← Back to context

Comment by roadside_picnic

7 days ago

I'm sure there are countless tricks, but one that can implemented at home, and I know plays a major part in Cerebras' performance is: speculative decoding.

Speculative decoding uses a smaller draft model to generate tokens with much less compute and memory required. Then the main model will accept those tokens based on the probability it would have generated them. In practice this case easily result in a 3x speedup in inference.

Another trick for structured outputs that I know of is "fast forwarding" where you can skip tokens if you know they are going to be the only acceptable outputs. For example, you know that when generating JSON you need to start with `{ "<first key>": ` etc. This can also lead to a ~3x speedup in when responding in JSON.

gpt-oss-120b can be used with gpt-oss-20b as speculative drafting on LM Studio

I'm not sure it improved the speed much

  • To measure the performance gains on a local machine (or even standard cloud GPU setup), since you can't run this in parallel with the same efficiency you could in a high-ed data center, you need to compare the number of calls made to each model.

    In my experiences I'd seen the calls to the target model reduced to a third of what they would have been without using a draft model.
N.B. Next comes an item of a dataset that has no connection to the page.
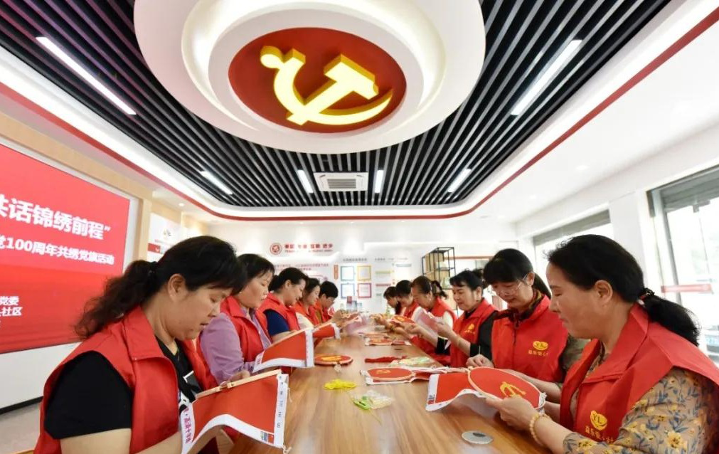 活動中,來自安徽省巢湖市益樂愛心社的黨員、社員,和金碼頭社區老黨員及志願者圍坐在一起,手捧鮮艷的旗幟,專註、莊重地綉下針腳,把愛黨、敬黨的濃濃情感融入親手綉制的黨旗之中。在熟練的飛針走線中,來自社區的老黨員,情不自禁哼唱起紅色經典歌曲,現場氛圍暖心十足。

    You'll still get some gains on a local model, but they won't be near what they could be theoretically if everything is properly tuned for performance.
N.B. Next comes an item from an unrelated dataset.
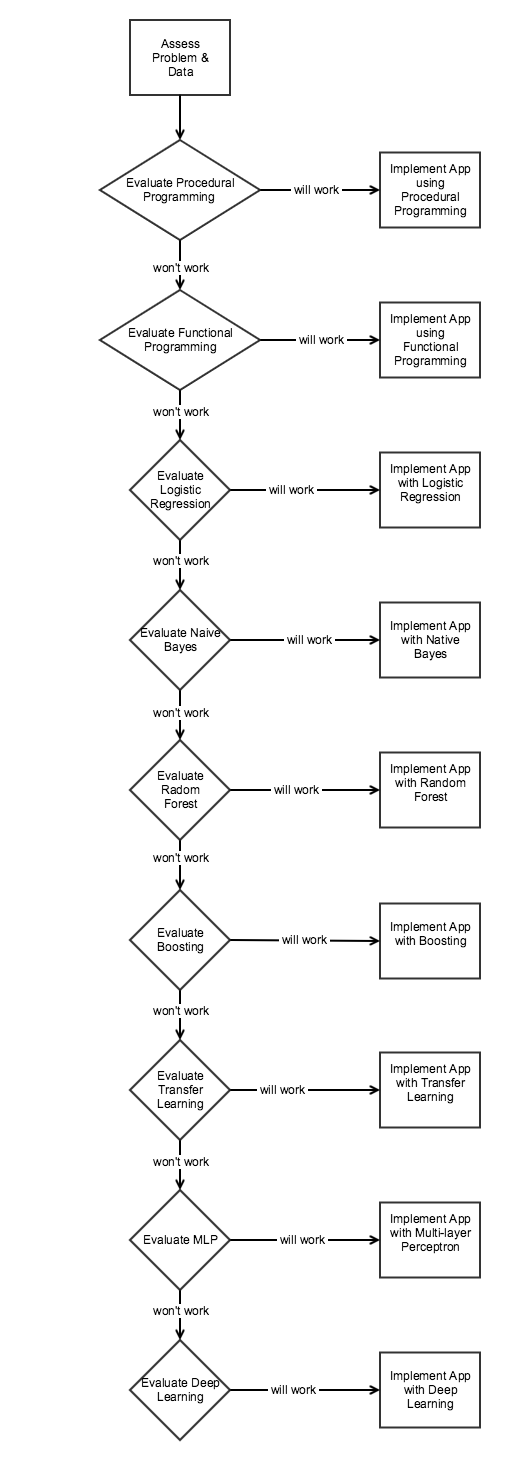 AI is great for solving problems that couldn’t be solved with classical computing, and improving performance in other areas. However, there has been too much fuss over having a lot of data and deep learning. This belief generally translates to either 1) only Google or Microsoft can come up with great AI products (because they have more data than anyone else), or 2) we need to have our big data infrastructure ready to incorporate AI. While having lots proprietary data, and a state of the art big data infrastructure can provide you a competitive advantage, not having it shouldn’t prevent you from venturing into / incorporating AI.

    It also depends on the type of task. I was working with pretty structured data with lots of easy to predict tokens.

  • It depends a lot on the type of conversation. A lot of ChatGPT load appears to be therapy talk that even small models can correctly predict.

  • a 6:1 parameter ratio is too small for specdec to have that much of an effect. You'd really want to see 10:1 or even more for this to start to matter

    • You're right on ratios, but actually the ratio is much worse than 6:1 since they are MoEs. The 20B has 3.6B active, and the 120B has only 5.1B active, only about 40% more!